Second Minimum Time to Reach Destination

Second Minimum Time to Reach Destination - Problem

A city is represented as a bi-directional connected graph with n vertices where each vertex is labeled from 1 to n (inclusive). The edges in the graph are represented as a 2D integer array edges, where each edges[i] = [ui, vi] denotes a bi-directional edge between vertex ui and vertex vi. Every vertex pair is connected by at most one edge, and no vertex has an edge to itself.

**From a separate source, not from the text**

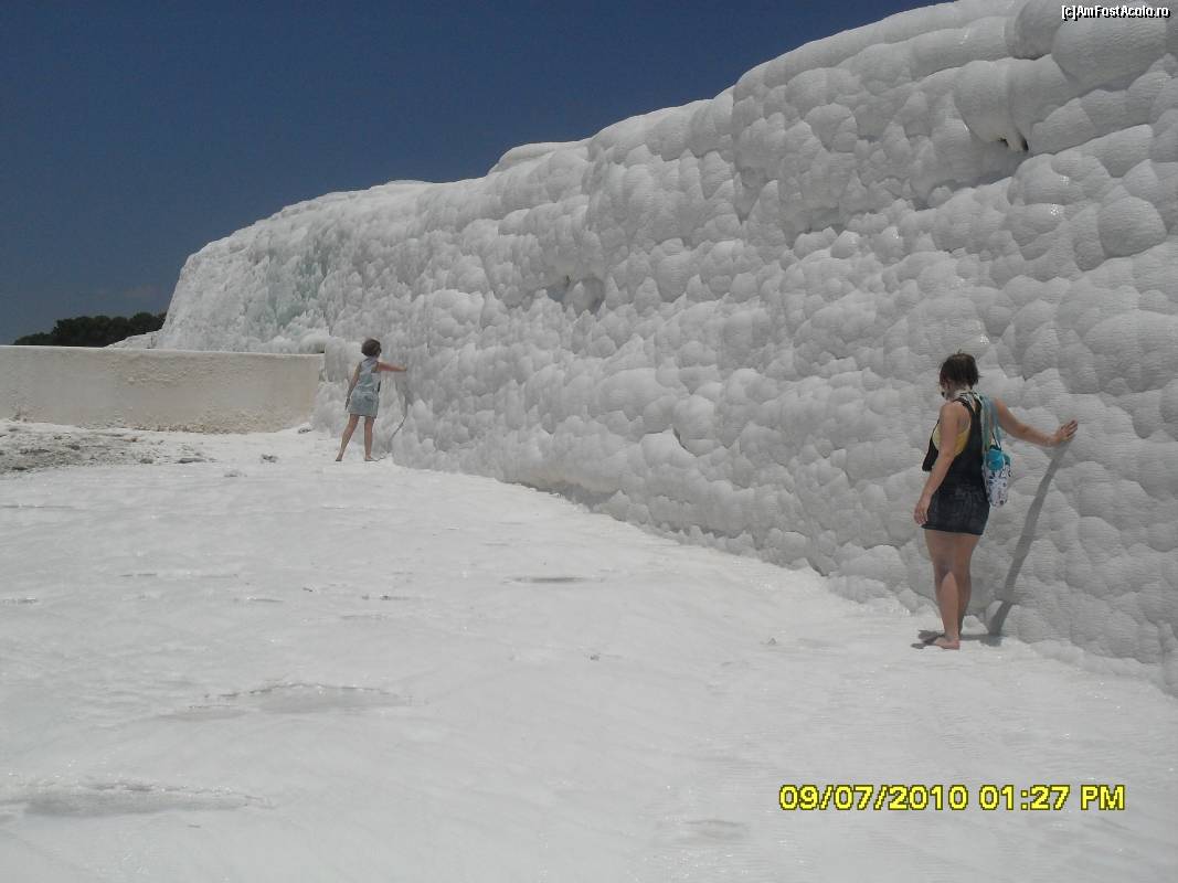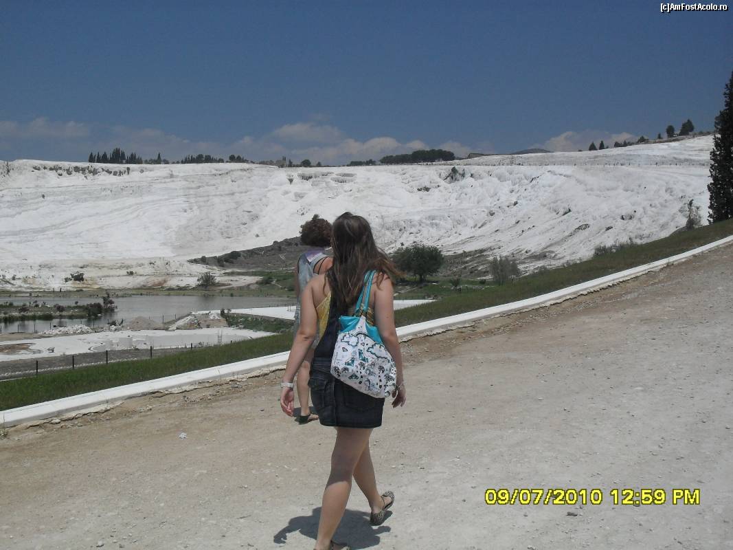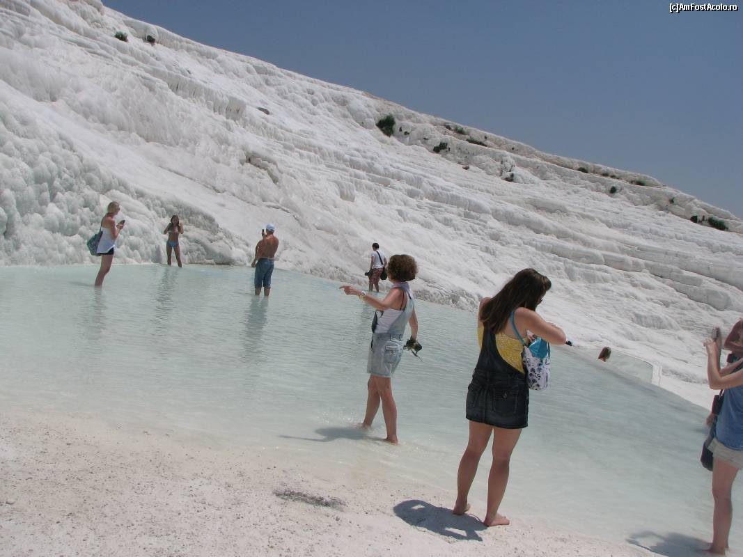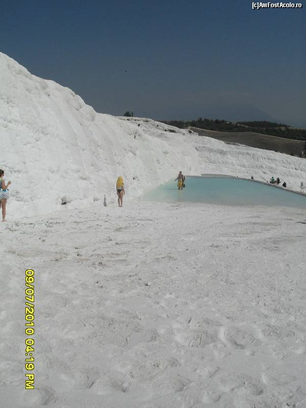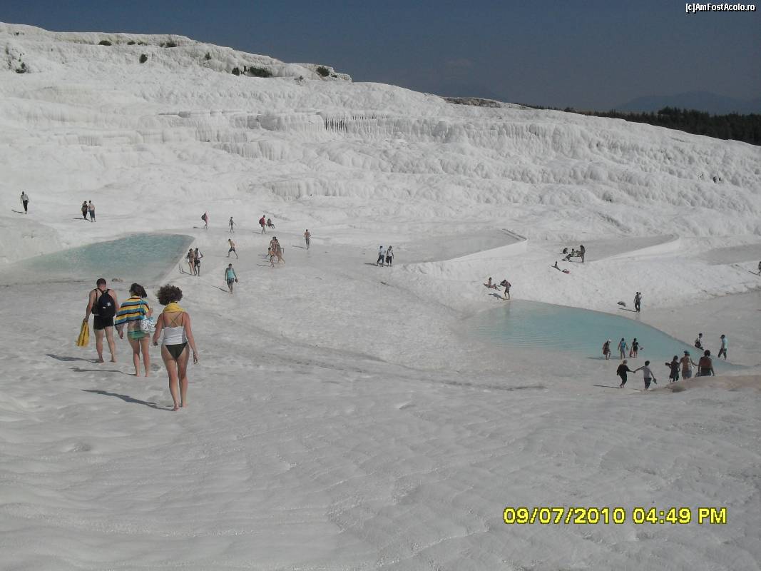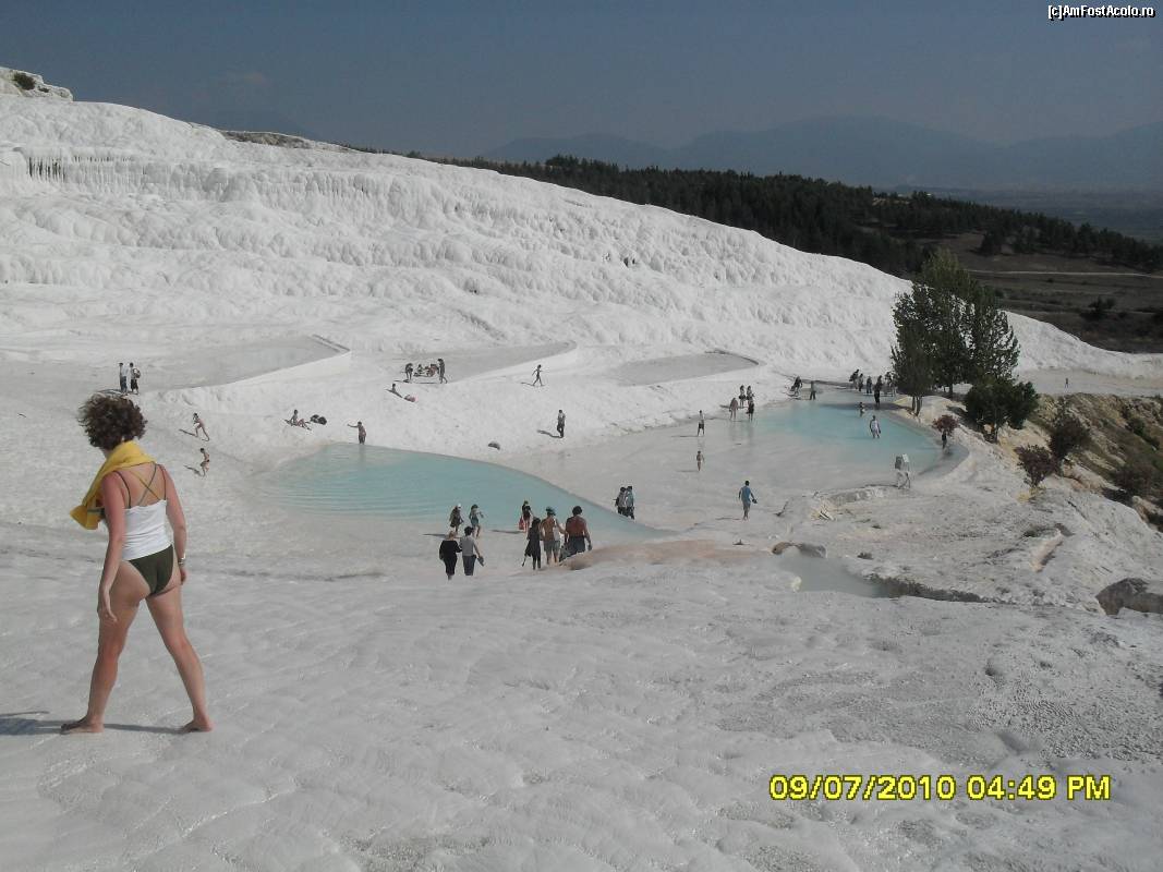 [P19] Muntele acoperit de calcar la Pamukkale si bazinele cu apa termala calda.

The time taken to traverse any edge is time minutes. Each vertex has a traffic signal which changes its color from green to red and vice versa every change minutes. All signals change at the same time. You can enter a vertex at any time, but can leave a vertex only when the signal is green. You cannot wait at a vertex if the signal is green.

The second minimum value is defined as the smallest value strictly larger than the minimum value. For example, the second minimum value of [2, 3, 4] is 3, and the second minimum value of [2, 2, 4] is 4.

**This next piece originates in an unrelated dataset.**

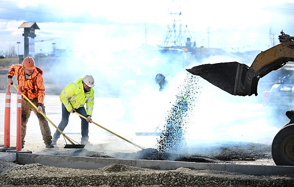 Workers begin paving the bypass near the intersection of U.S. 93 and West Reserve on Monday in Kalispell. (Brenda Ahearn/Daily Inter Lake)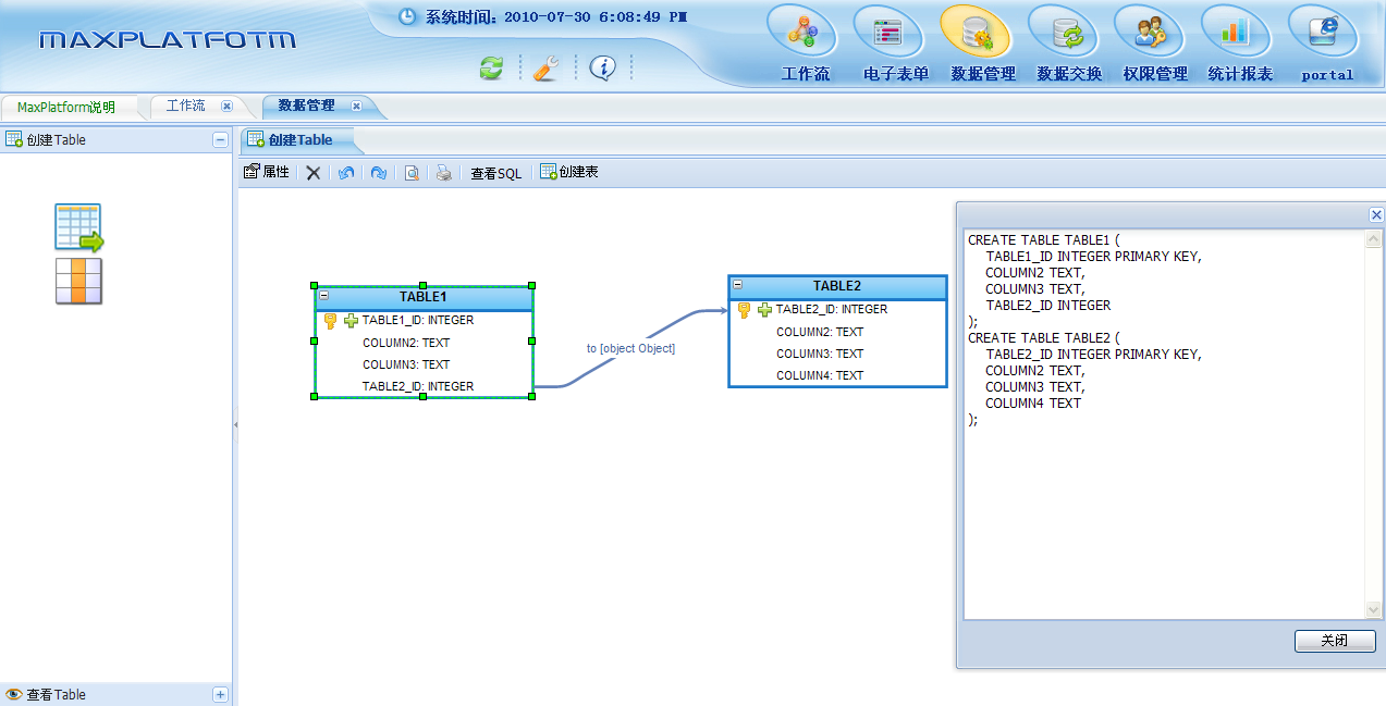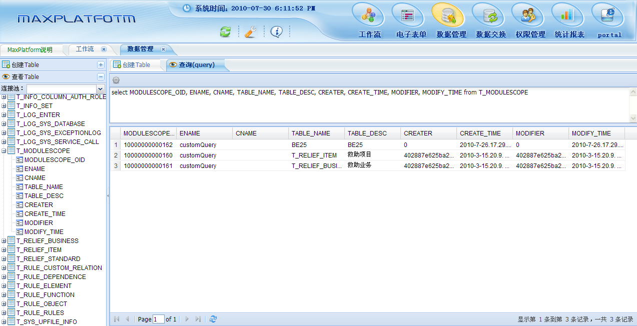 数据管理:可以创建表,表的查询,创建数据库连接。

Given n, edges, time, and change, return the second minimum time it will take to go from vertex 1 to vertex n.

Note: You can go through any vertex any number of times, including 1 and n. You can assume that when the journey starts, all signals have just turned green.

Input & Output

Example 1 — Basic Graph

$ Input: n = 5, edges = [[1,2],[1,3],[1,4],[3,4],[4,5]], time = 3, change = 5

› Output: 13

💡 Note: First minimum path: 1→4→5 takes 6 time units. Second minimum: 1→3→4→5 or 1→2→1→4→5 takes 13 time units considering traffic light delays.

Example 2 — Simple Path

$ Input: n = 2, edges = [[1,2]], time = 3, change = 2

› Output: 11

💡 Note: Only one direct path 1→2. First minimum is 3. To get second minimum, go 1→2→1→2, which takes 11 time units with traffic delays.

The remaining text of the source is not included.